É curioso que o filho de um empresário agrícola lavrador  tivesse a perfeita consciência da importância da educação formal, da cultura e das artes. O filho e as netas frequentaram, por vontade sua, os melhores Colégios internos, o famoso Colégio dos Carvalhos para para ele, o não menos elitista Colégio do Sardão para as meninas.

Nunca encontrei, na vida, ninguém com quem me entendesse tão bem, como com o Avô Manuel. (Sei que ele, de mim, diria exactamente o mesmo). Por ele ser um” sonhador”. Por sonhar o meu futuro. Por querer que eu tivesse as oportunidades que ele não teve. Por acreditar mais em mim, do que eu acredito.

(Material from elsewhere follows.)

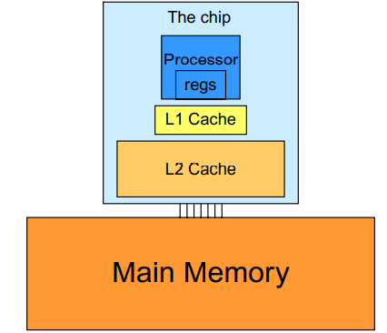 메모리 사이즈와 속도 사이에는 tradeoff가 있습니다. 이로 인해 현대 프로세서는 여러 레벨의 캐시를 사용하는데, 캐시 레벨은 프로세서까지의 거리를 반영합니다. 가장 낮은 수준인 Level 1, L1 캐시는 프로세서 코어에 직접 연결된 캐시입니다. latency나 대역폭이 프로세서에 가까운 속도로 수행됩니다. 그러나 L1 캐시의 크기는 일반적으로 16KB에서 64KB로 작습니다. L2 캐시는 128KB에서 1MB의 범위를 가지지만, 액세스하는데 수십 사이클의 클럭이 걸릴 수 있습니다.

Por me incentivar a tirar o curso (de preferência, Direito, por sorte, a minha preferência!), a ter profissão, a viajar, a alargar horizontes... Por conversar tanto comigo. Por me ouvir. Por me aceitar como era. Por me admirar tão excessivamente!...Pela minha parte, retribuía a admiração, mas na justa medida do seu merecimento. Se pudesse escolher o avô ideal, escolhia-o, a ele.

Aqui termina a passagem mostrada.